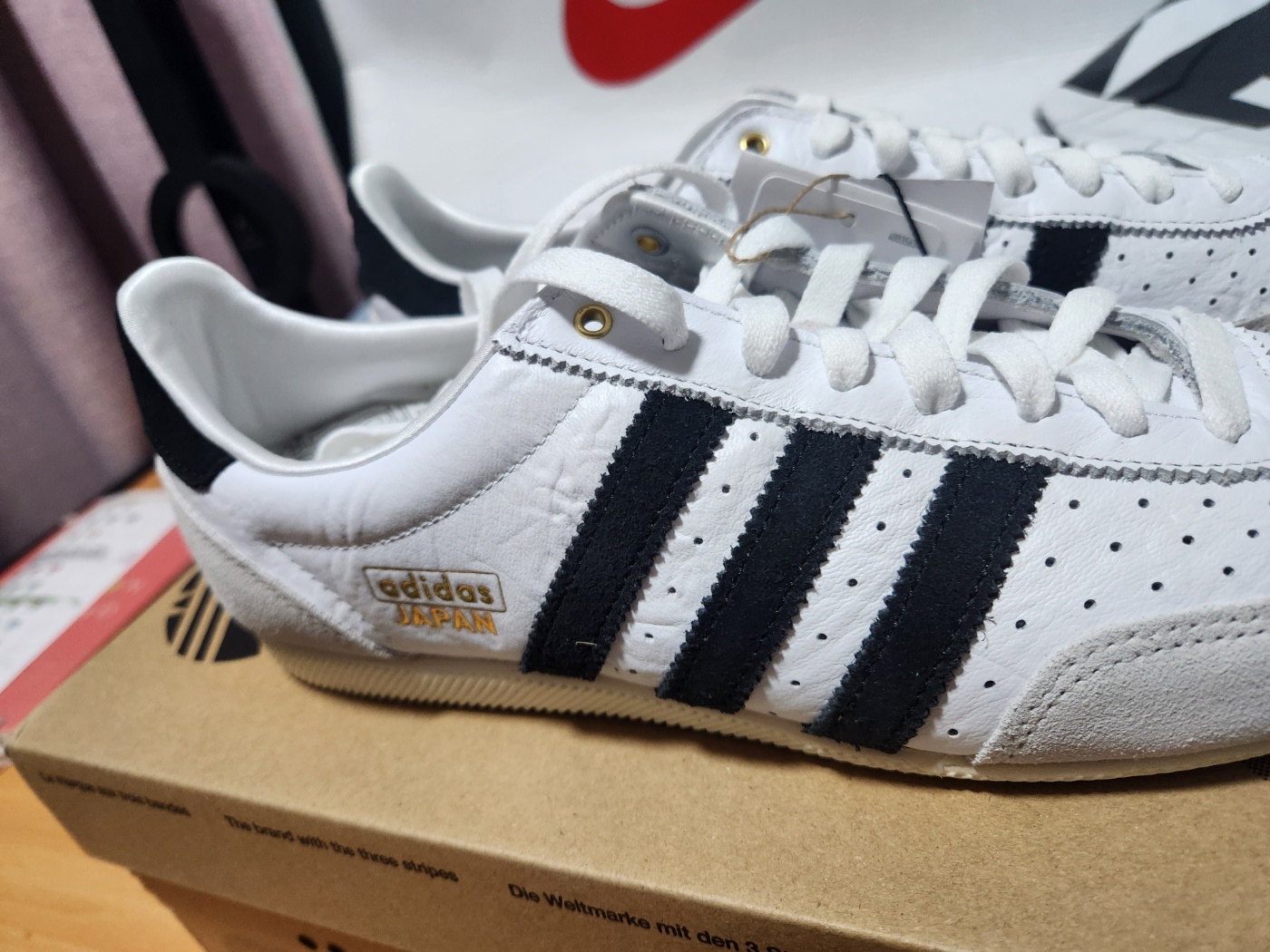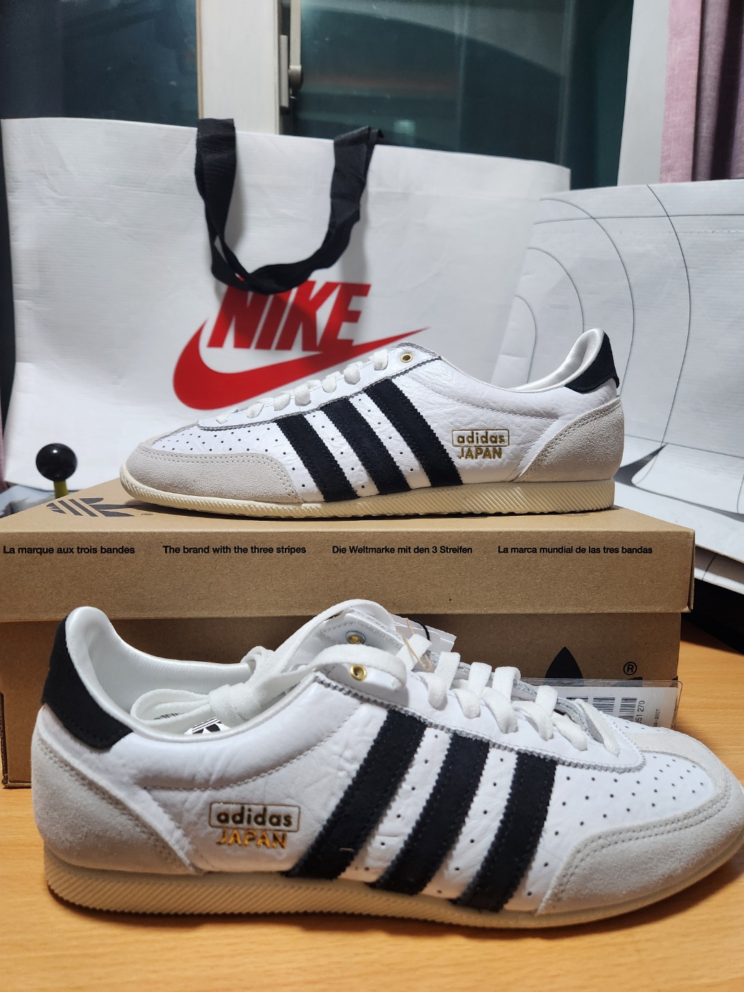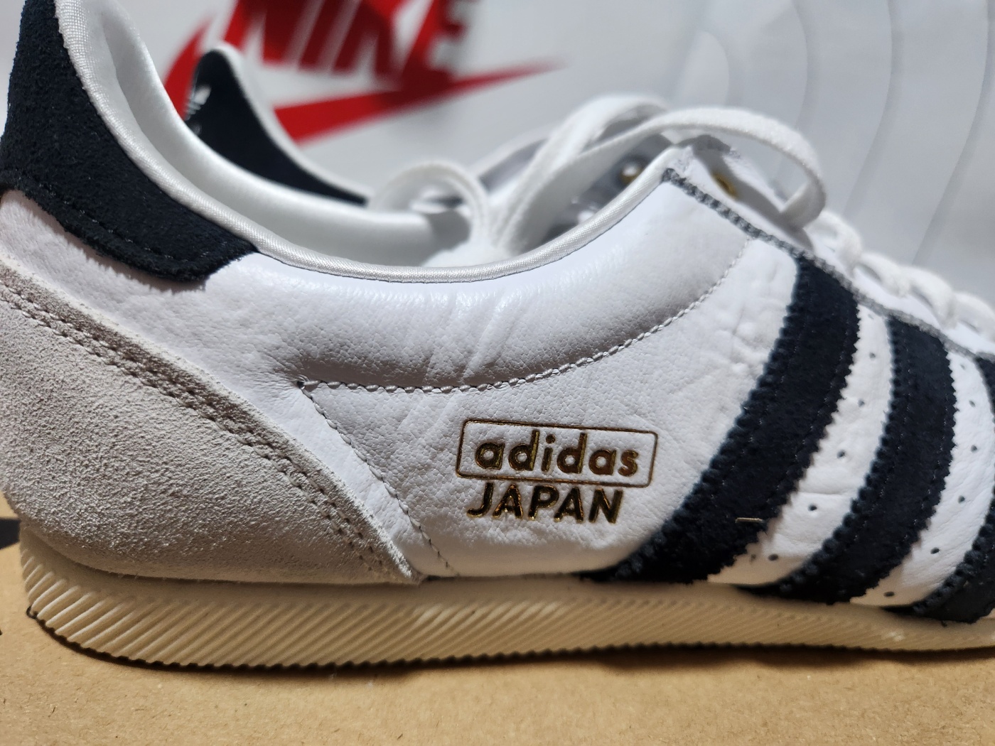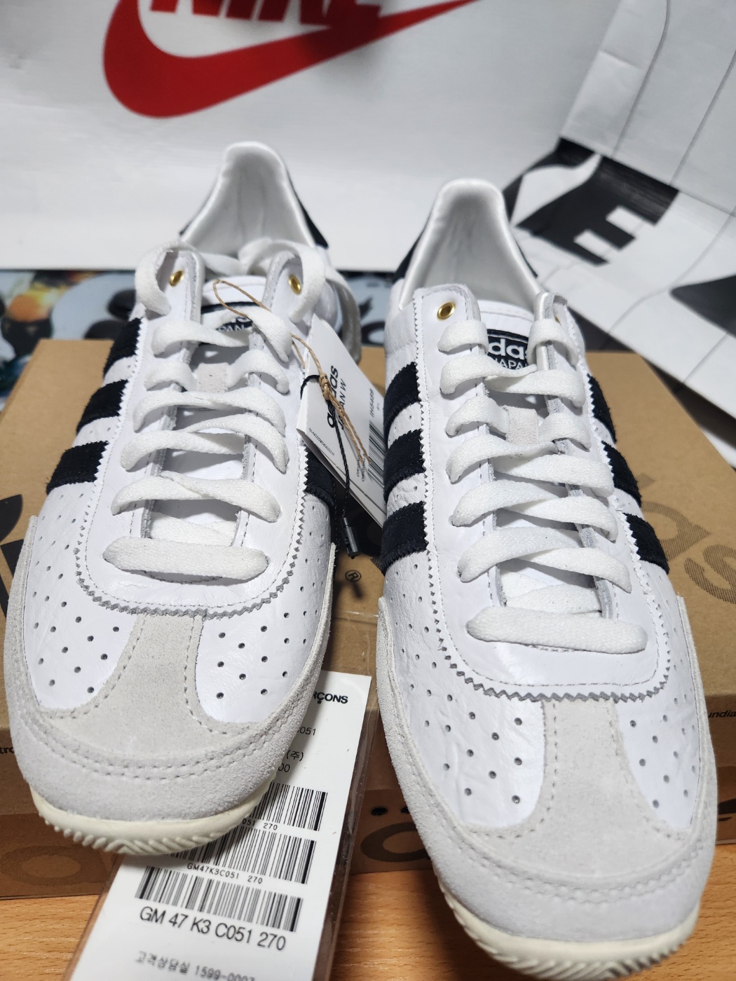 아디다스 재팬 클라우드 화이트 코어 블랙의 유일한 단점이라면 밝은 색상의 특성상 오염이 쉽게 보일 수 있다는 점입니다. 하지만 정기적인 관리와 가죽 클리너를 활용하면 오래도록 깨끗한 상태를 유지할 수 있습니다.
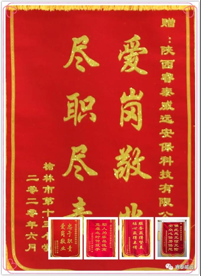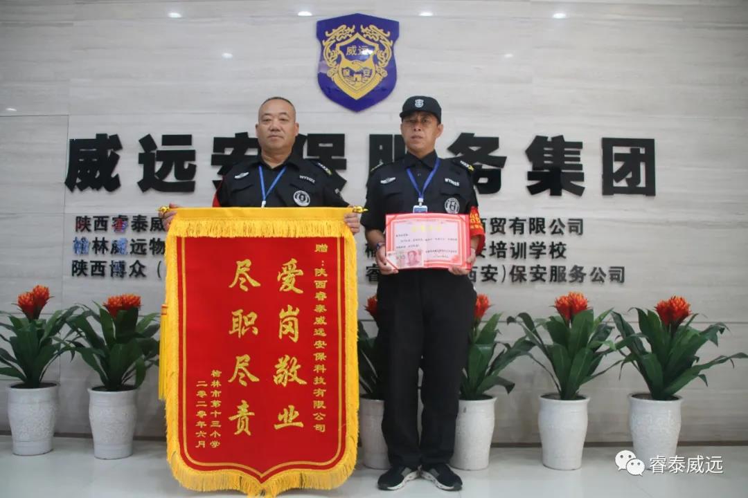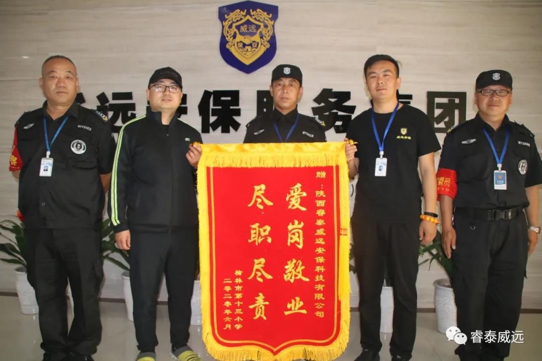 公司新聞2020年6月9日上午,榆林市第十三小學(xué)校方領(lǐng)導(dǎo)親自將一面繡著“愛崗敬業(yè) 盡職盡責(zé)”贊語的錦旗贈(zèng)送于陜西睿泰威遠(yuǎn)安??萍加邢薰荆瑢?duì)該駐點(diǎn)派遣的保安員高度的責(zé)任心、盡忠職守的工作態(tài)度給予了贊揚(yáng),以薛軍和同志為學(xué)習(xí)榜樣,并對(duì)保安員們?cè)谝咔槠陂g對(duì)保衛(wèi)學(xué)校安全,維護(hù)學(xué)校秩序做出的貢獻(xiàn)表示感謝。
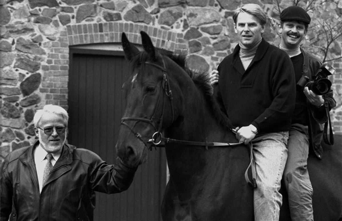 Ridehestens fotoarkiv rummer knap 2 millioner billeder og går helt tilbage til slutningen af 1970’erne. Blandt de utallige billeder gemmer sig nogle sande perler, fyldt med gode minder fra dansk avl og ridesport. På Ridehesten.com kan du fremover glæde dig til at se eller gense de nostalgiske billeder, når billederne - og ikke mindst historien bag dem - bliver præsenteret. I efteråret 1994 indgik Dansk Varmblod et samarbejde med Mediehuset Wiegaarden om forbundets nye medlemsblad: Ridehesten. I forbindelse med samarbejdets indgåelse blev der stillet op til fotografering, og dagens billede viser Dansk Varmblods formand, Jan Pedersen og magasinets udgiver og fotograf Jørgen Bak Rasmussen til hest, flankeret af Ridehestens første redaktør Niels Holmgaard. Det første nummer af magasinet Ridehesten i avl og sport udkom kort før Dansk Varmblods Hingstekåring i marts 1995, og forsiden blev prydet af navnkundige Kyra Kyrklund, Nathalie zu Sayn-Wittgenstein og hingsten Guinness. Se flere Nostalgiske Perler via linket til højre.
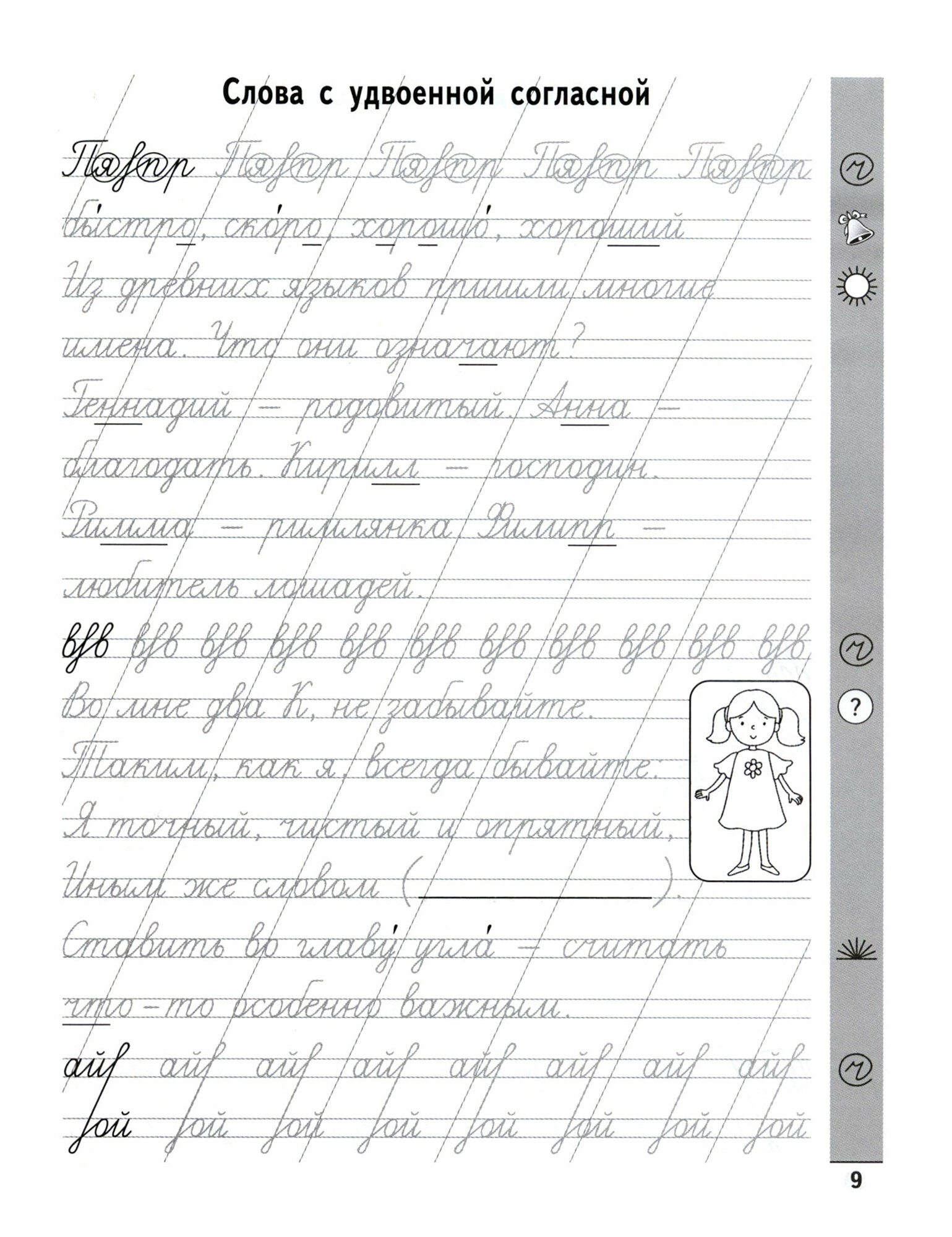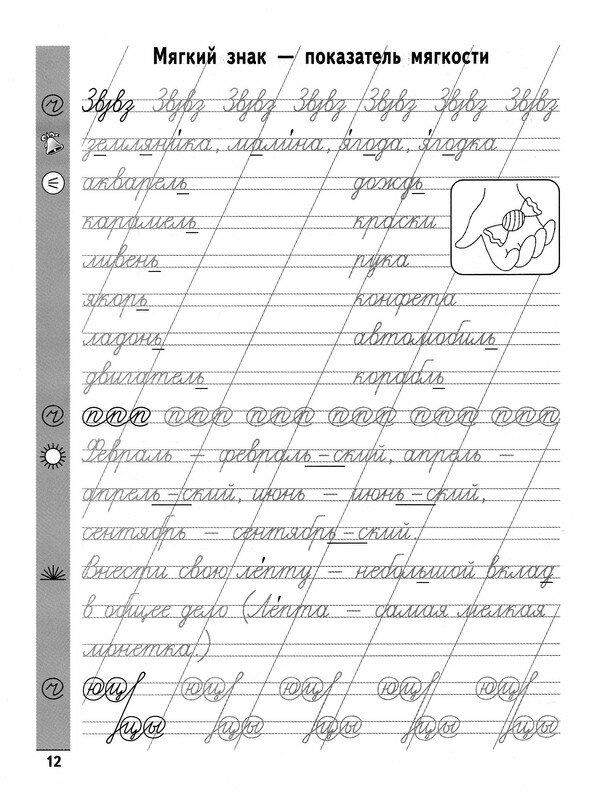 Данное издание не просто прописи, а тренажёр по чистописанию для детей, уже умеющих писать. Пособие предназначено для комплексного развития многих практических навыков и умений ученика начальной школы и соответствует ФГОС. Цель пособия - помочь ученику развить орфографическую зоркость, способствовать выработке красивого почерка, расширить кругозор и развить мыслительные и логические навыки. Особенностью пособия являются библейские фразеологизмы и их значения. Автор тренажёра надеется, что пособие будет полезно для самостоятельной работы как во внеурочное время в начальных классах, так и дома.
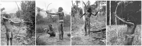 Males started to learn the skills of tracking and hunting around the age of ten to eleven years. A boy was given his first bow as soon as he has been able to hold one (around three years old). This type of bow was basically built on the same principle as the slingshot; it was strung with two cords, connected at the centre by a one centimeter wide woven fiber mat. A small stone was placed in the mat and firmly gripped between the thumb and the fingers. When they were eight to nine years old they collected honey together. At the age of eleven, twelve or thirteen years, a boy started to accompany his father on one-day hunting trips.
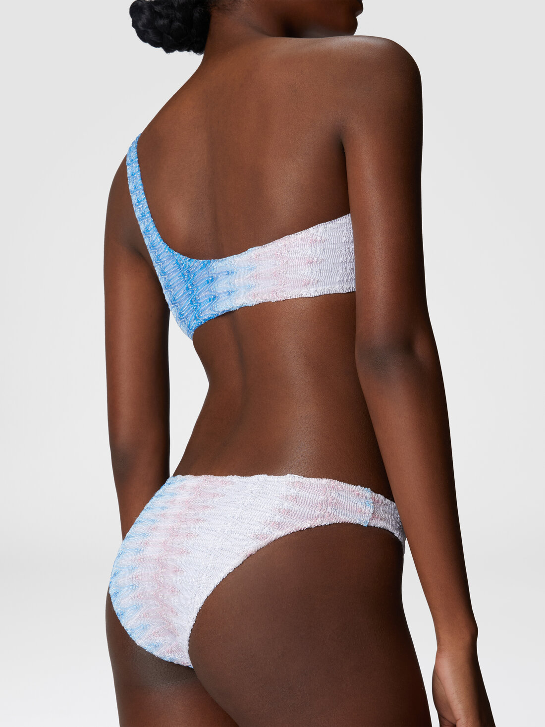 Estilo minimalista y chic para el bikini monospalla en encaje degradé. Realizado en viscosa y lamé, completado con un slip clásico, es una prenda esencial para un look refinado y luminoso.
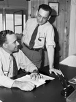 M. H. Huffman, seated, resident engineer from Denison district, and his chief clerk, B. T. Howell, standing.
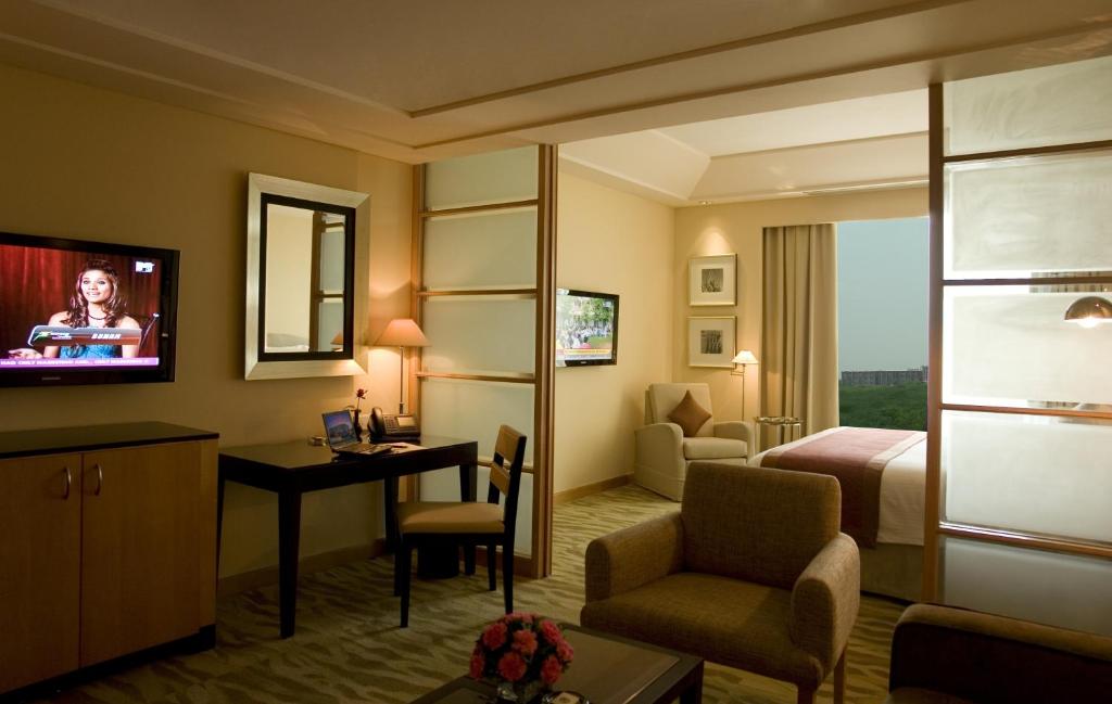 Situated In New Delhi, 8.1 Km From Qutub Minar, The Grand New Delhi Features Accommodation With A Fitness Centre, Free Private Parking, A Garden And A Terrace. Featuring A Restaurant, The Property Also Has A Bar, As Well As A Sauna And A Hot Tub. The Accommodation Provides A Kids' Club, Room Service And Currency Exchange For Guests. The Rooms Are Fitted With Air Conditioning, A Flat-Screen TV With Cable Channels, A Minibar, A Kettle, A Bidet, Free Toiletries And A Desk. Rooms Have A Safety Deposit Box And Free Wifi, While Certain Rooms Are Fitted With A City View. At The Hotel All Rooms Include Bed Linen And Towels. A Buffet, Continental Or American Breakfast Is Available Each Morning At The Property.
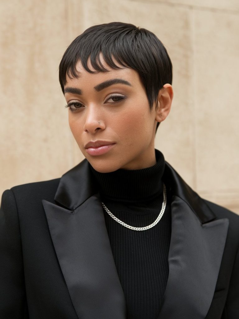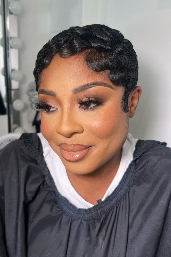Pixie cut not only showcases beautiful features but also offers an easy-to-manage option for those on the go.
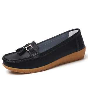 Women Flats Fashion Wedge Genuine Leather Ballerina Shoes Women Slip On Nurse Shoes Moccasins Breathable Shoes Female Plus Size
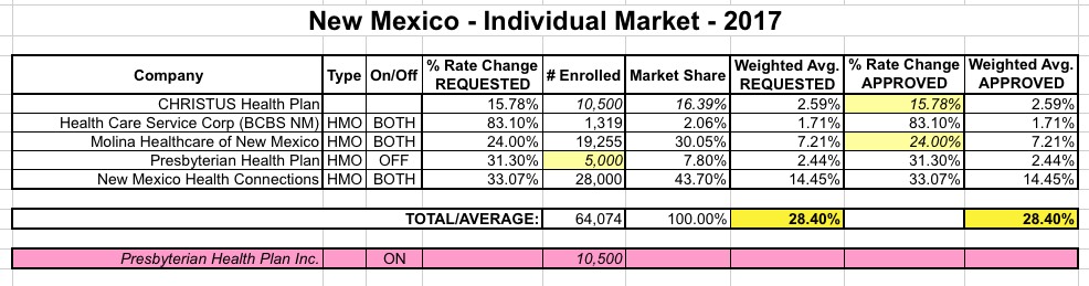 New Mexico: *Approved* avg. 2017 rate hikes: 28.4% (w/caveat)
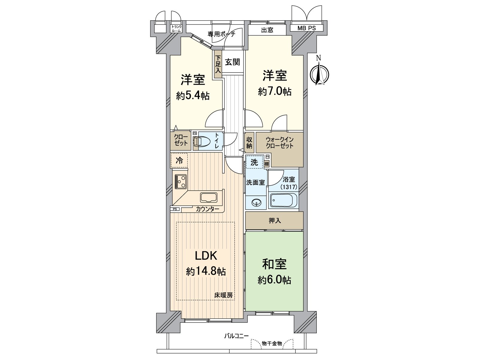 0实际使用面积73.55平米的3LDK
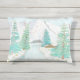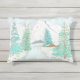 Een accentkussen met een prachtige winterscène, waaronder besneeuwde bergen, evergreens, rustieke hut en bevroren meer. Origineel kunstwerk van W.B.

# Exercise description
Leave out the pictures and retype every line above exactly.

# Solution to this task
 아디다스 재팬 클라우드 화이트 코어 블랙의 유일한 단점이라면 밝은 색상의 특성상 오염이 쉽게 보일 수 있다는 점입니다. 하지만 정기적인 관리와 가죽 클리너를 활용하면 오래도록 깨끗한 상태를 유지할 수 있습니다.
 公司新聞2020年6月9日上午,榆林市第十三小學(xué)校方領(lǐng)導(dǎo)親自將一面繡著“愛崗敬業(yè) 盡職盡責(zé)”贊語的錦旗贈(zèng)送于陜西睿泰威遠(yuǎn)安??萍加邢薰荆瑢?duì)該駐點(diǎn)派遣的保安員高度的責(zé)任心、盡忠職守的工作態(tài)度給予了贊揚(yáng),以薛軍和同志為學(xué)習(xí)榜樣,并對(duì)保安員們?cè)谝咔槠陂g對(duì)保衛(wèi)學(xué)校安全,維護(hù)學(xué)校秩序做出的貢獻(xiàn)表示感謝。
 Ridehestens fotoarkiv rummer knap 2 millioner billeder og går helt tilbage til slutningen af 1970’erne. Blandt de utallige billeder gemmer sig nogle sande perler, fyldt med gode minder fra dansk avl og ridesport. På Ridehesten.com kan du fremover glæde dig til at se eller gense de nostalgiske billeder, når billederne - og ikke mindst historien bag dem - bliver præsenteret. I efteråret 1994 indgik Dansk Varmblod et samarbejde med Mediehuset Wiegaarden om forbundets nye medlemsblad: Ridehesten. I forbindelse med samarbejdets indgåelse blev der stillet op til fotografering, og dagens billede viser Dansk Varmblods formand, Jan Pedersen og magasinets udgiver og fotograf Jørgen Bak Rasmussen til hest, flankeret af Ridehestens første redaktør Niels Holmgaard. Det første nummer af magasinet Ridehesten i avl og sport udkom kort før Dansk Varmblods Hingstekåring i marts 1995, og forsiden blev prydet af navnkundige Kyra Kyrklund, Nathalie zu Sayn-Wittgenstein og hingsten Guinness. Se flere Nostalgiske Perler via linket til højre.
 Данное издание не просто прописи, а тренажёр по чистописанию для детей, уже умеющих писать. Пособие предназначено для комплексного развития многих практических навыков и умений ученика начальной школы и соответствует ФГОС. Цель пособия - помочь ученику развить орфографическую зоркость, способствовать выработке красивого почерка, расширить кругозор и развить мыслительные и логические навыки. Особенностью пособия являются библейские фразеологизмы и их значения. Автор тренажёра надеется, что пособие будет полезно для самостоятельной работы как во внеурочное время в начальных классах, так и дома.
 Males started to learn the skills of tracking and hunting around the age of ten to eleven years. A boy was given his first bow as soon as he has been able to hold one (around three years old). This type of bow was basically built on the same principle as the slingshot; it was strung with two cords, connected at the centre by a one centimeter wide woven fiber mat. A small stone was placed in the mat and firmly gripped between the thumb and the fingers. When they were eight to nine years old they collected honey together. At the age of eleven, twelve or thirteen years, a boy started to accompany his father on one-day hunting trips.
 Estilo minimalista y chic para el bikini monospalla en encaje degradé. Realizado en viscosa y lamé, completado con un slip clásico, es una prenda esencial para un look refinado y luminoso.
 M. H. Huffman, seated, resident engineer from Denison district, and his chief clerk, B. T. Howell, standing.
 Situated In New Delhi, 8.1 Km From Qutub Minar, The Grand New Delhi Features Accommodation With A Fitness Centre, Free Private Parking, A Garden And A Terrace. Featuring A Restaurant, The Property Also Has A Bar, As Well As A Sauna And A Hot Tub. The Accommodation Provides A Kids' Club, Room Service And Currency Exchange For Guests. The Rooms Are Fitted With Air Conditioning, A Flat-Screen TV With Cable Channels, A Minibar, A Kettle, A Bidet, Free Toiletries And A Desk. Rooms Have A Safety Deposit Box And Free Wifi, While Certain Rooms Are Fitted With A City View. At The Hotel All Rooms Include Bed Linen And Towels. A Buffet, Continental Or American Breakfast Is Available Each Morning At The Property.
Pixie cut not only showcases beautiful features but also offers an easy-to-manage option for those on the go.
 Women Flats Fashion Wedge Genuine Leather Ballerina Shoes Women Slip On Nurse Shoes Moccasins Breathable Shoes Female Plus Size
 New Mexico: *Approved* avg. 2017 rate hikes: 28.4% (w/caveat)
 0实际使用面积73.55平米的3LDK
 Een accentkussen met een prachtige winterscène, waaronder besneeuwde bergen, evergreens, rustieke hut en bevroren meer. Origineel kunstwerk van W.B.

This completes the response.